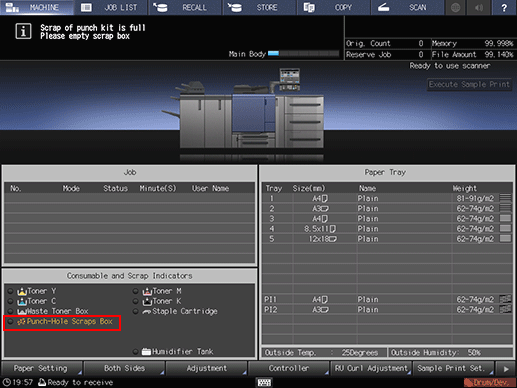1. Press the [Punch-Hole Scraps Box] indicator in the Consumable and Scrap Indicators area of the [MACHINE] screen.
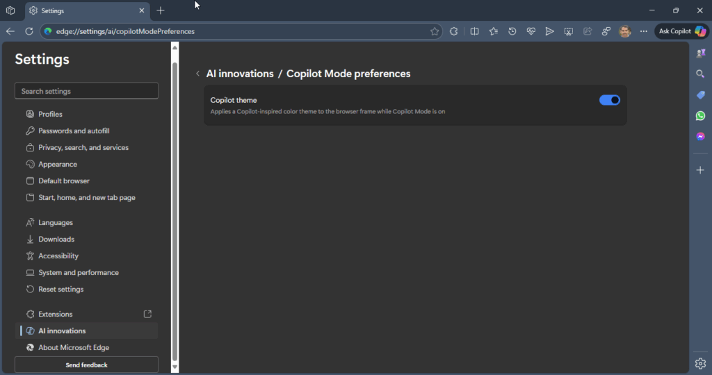 Tällä hetkellä se sisältää yhden vaihtoehdon nimeltäKopilottiteema, joka "soveltaa Copilot-inspiroimaa väriteemaa selainkehykseen, kun Copilot-tila on päällä."
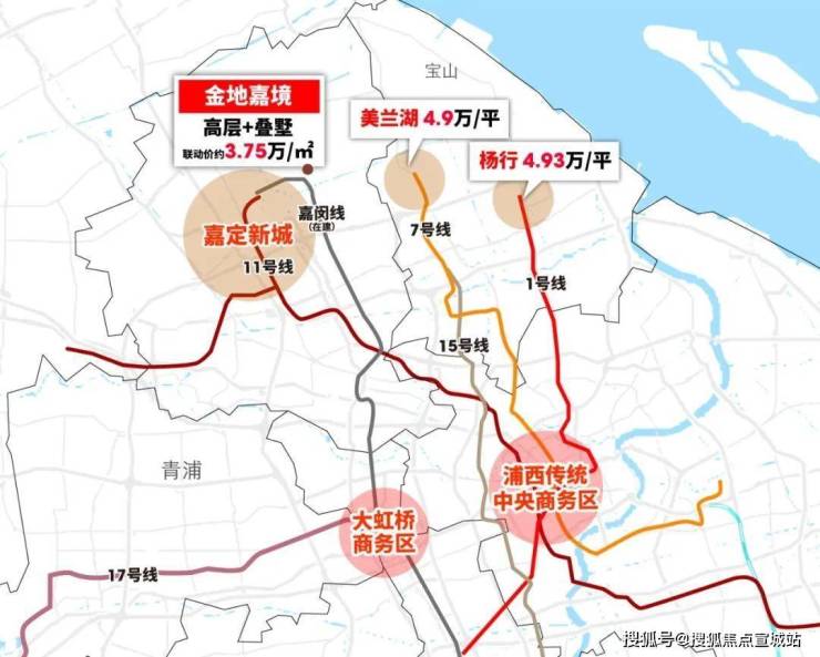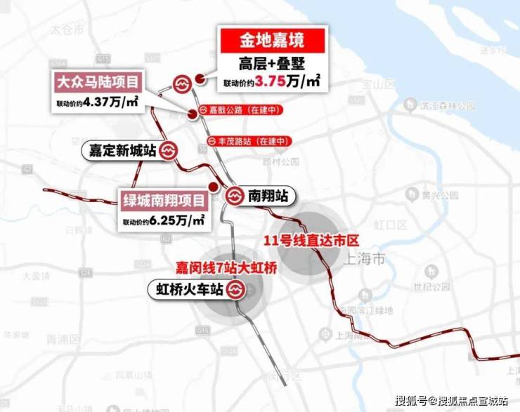 聚焦嘉闵线(在建中)本身,与金地嘉境1站之隔的嘉戬公路站(在建中)旁的大众马陆项目,联动价4.37万/㎡;与金地嘉境3站之隔的南翔站旁的绿地南翔项目,联动价6.25万/㎡。
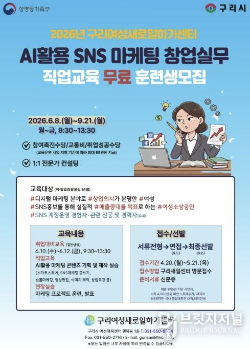 브릿지저널 김경미 기자 | 구리시는 구리새일센터에서 여성들의 디지털 마케팅 역량을 강화하고 성공적인 취·창업을 지원하기 위해 ‘AI 활용 SNS 마케팅 창업 실무’ 직업교육훈련 과정의 교육생을 오는 4월 20일부터 모집한다고 밝혔다.
━━━━━━━━━━━━━━━━━━━━━━━━━━━━━━
- Task to carry out:
Reproduce exactly, and only, the lines that begin at the one containing "聚焦嘉闵线(在建中)本身,与" and end with the final line of the data, both included, while omitting every picture.

- Response for this exercise:
 聚焦嘉闵线(在建中)本身,与金地嘉境1站之隔的嘉戬公路站(在建中)旁的大众马陆项目,联动价4.37万/㎡;与金地嘉境3站之隔的南翔站旁的绿地南翔项目,联动价6.25万/㎡。
 브릿지저널 김경미 기자 | 구리시는 구리새일센터에서 여성들의 디지털 마케팅 역량을 강화하고 성공적인 취·창업을 지원하기 위해 ‘AI 활용 SNS 마케팅 창업 실무’ 직업교육훈련 과정의 교육생을 오는 4월 20일부터 모집한다고 밝혔다.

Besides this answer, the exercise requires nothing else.